BJP must take action against Subramanian Swamy for his distasteful 'bipolar' remark on Priyanka Gandhi
Subramanian Swamy accused Priyanka Gandhi of suffering from bipolar disorder and said she physically abused people
Swamy did not substantiate his claims; Priyanka has been in public life for some time and we haven't heard of her randomly beating up people
The BJP MP has for long acquired the reputation of a loose cannon, with a penchant for personal attacks on public figures
Swamy has not been pulled up by a senior leader, such as party president Amit Shah or any other member of the BJP top brass
Bharatiya Janata Party (BJP) MP Subramanian Swamy is not particularly known for moderation. His attacks against political opponents (and sometimes party colleagues) have been legion and too often intemperate in the extreme. But Swamy really plumbed the depths with his purely ad hominem attack on Priyaka Gandhi Vadra, recently-appointed Congress general secretary for eastern Uttar Pradesh, on Saturday.
S Swamy on #PriyankaGandhiVadra : Usko 1 bimari hai jo sarvjanik jivan mein anukool aur upyukt nahi hai, usko bipolarity kehte hain yaani uski hinsawadi charitra dikhai padti hai, logon ko peet'ti hai. Public ko pata hona chaiye ki kab santulan kho baithegi, kisi ko pata nahi. pic.twitter.com/psVoVcbnvx
— ANI (@ANI) January 27, 2019
Swamy accused Priyanka of suffering from bipolar disorder and said she physically abused people. "The name of that disease is bipolarity, which reflects her violent character and overall image," he claimed, in a statement to ANI. Two things stand out in Swamy's statement, apart from the extreme bad taste, of course.
First, Swamy adduced no evidence for his claims. Priyanka has been in public life for some time now. The public has till now never heard of her randomly beating up people. If the claim is true, surely such acts would have been the subject of media reports. As for the comments on bipolar disorder, the question surely is: How on earth does Swamy know?
Second, bipolar disorder is a mental health problem — an ailment — that can be treated and kept under control. In that sense, it is like any other ailment. Swamy, who flaunts an Ivy League education, should have known better than to attack anyone with the accusation of suffering from a health condition. That is anyone and any health condition. To make fictitious accusations against a political opponent is, actually, beyond bad taste.
On the basis of his comments, Swamy has concluded that Priyanka's "ailment does not make her fit to lead a public life. The public should know when she is likely to lose mental balance". Given that she has never shown signs of losing her mental balance despite having spent considerable amount of time under the glare of public and media scrutiny, we can reach quite another conclusion.
Without making any imputations, solely on the basis of his comments on Priyanka, we can conclude that it is the BJP MP whose fitness and aptitude for public life must be questioned.

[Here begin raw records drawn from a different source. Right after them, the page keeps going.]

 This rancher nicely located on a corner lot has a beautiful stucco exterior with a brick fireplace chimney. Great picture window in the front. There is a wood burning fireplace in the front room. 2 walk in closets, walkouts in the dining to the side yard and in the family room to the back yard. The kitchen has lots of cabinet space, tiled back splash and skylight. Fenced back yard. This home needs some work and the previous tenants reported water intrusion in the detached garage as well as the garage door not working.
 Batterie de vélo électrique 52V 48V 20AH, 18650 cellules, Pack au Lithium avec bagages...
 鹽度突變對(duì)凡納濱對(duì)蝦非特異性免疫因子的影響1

Swamy has for long acquired the reputation of a loose cannon, with a penchant for personal attacks on public figures, as mentioned, both opponents and allies. In that limited sense, despite the wanton crudity of his attack, there could be reason not to be surprised by his latest effort. What is surprising is the silence surrounding the attack and the fact that no senior leader of the BJP has protested.
We all know that political rhetoric has been badly debased in India. Apart from mutual attacks on each other that hardly meet any kind of standard of public discourse, senior leaders across the board have been known to make disparaging remarks about the minorities, Dalits and women, for instance. But surely senior and responsible leaders must react, as Bahujan Samaj Party boss Mayawati recently did when a party member made distasteful comments about Congress president Rahul Gandhi, despite the fact that she does not appear to be a big fan of the Congress.

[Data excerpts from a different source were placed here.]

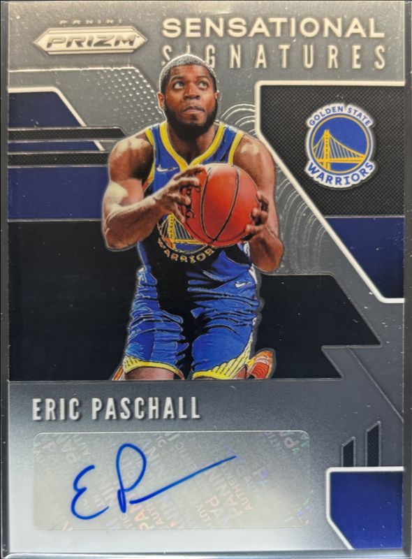 The Eric Paschall 2019 Prizm #SS-EPS Sensational Signatures Rookie card is 1 of 72 Eric Paschall's card variations in the 2019 Prizm set being tracked by Sports Card Investor, including Base, Choice Blue Yellow Green, Fanatics Green Ice, Fast Break, and FOTL Blue Shimmer.
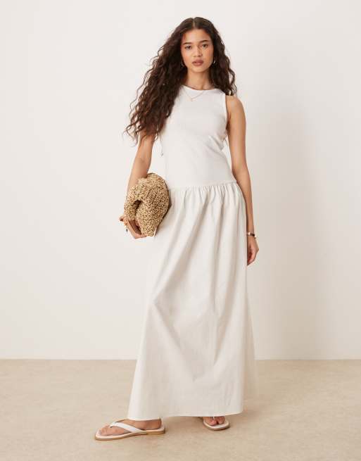 Vila - Vestito lungo smanicato con gonna in popeline color panna
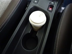 可倒式のリヤセンターアームレストは便利なカップホルダー付き。
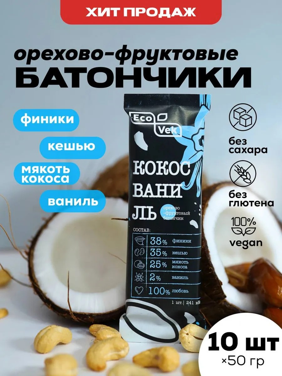 ECOVEK НАБОР БАТОНЧИКОВ ИЗ 10 вкусов без сахара
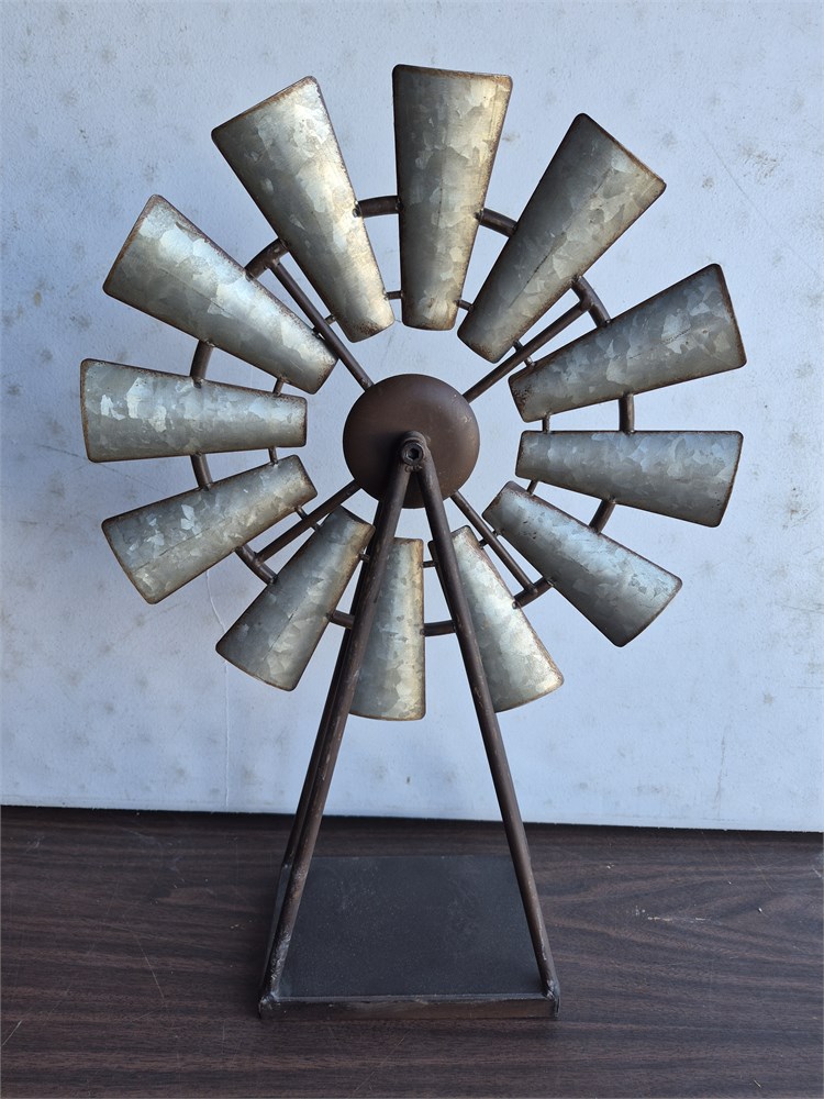 21" Metal Windmill. Items is 13" wide at base. Works good.
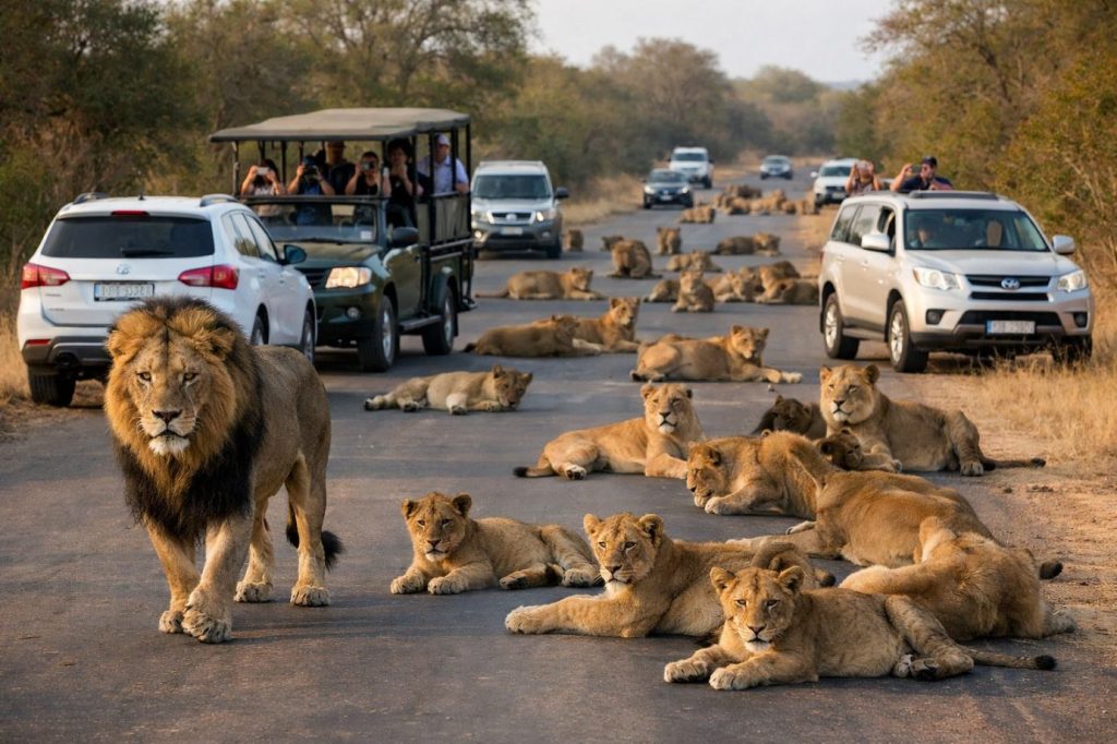 Το βίντεο που βλέπεις δείχνει κάτι που δεν βλέπει κανείς κάθε μέρα. Είσαι μέσα στο φημισμένο Kruger National Park στη Νότια Αφρική και ξαφνικά η κίνηση σταματά. Ο δρόμος δεν είναι φραγμένος από αυτοκίνητα, αλλά από ένα τεράστιο κοπάδι λιονταριών! Η αγέλη έχει καταλάβει τον δρόμο, και τα αυτοκίνητα περιμένουν υπομονετικά μέχρι να περάσουν τα ζώα.
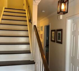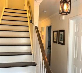 Voila! Our entry is much brighter and modern now with the old carpet gone! We also replaced the light fixture in the foyer to compliment our new stairs look.

In Swamy's case not a single statement seems to have been issued. There has been enough time to do so, given that the comments were made on Saturday. There does seem to have been even the pro forma comment that the BJP distances itself from the remarks, which are Swamy's alone. Of course, Swamy has not been pulled up by a senior leader, say, party president Amit Shah, assuming, of course, that Prime Minister Narendra Modi is much too busy to respond to scurrilous comments made by a senior party colleague.

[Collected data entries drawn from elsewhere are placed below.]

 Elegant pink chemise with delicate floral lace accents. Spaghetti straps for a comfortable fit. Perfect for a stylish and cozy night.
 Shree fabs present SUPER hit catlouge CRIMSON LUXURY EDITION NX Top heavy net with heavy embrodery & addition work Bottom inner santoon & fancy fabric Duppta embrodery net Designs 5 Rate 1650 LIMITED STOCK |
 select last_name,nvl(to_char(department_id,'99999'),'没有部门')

What does this silence signify? To our mind, it could mean one of three things. Or all of them, possibly. First, it could mean that so many BJP leaders issue so many statements against political opponents and whole sections of society, that are often in questionable taste, that the top brass of the party has become inured to them and could not be bothered to issue clarifications or initiate action against the offenders. That seems to be a questionable conclusion: The BJP brass has never seemed to lack energy.
Second, it could signify assent through silence. In other words, it could mean that the party is backing Swamy and is standing by his accusations. In that case, the BJP should issue something in the nature of a statement to this effect. That, too, seems unlikely. The third possibility is that the party is content to allow Swamy to get away with these comments because he has that kind of reputation anyway. In other words, it is not bothered about the truth of the accusation but is perfectly happy to let him roil the waters hoping some electoral gain can be harvested.
The plain truth, however, is that the BJP leadership would make itself look good if it acted against Swamy.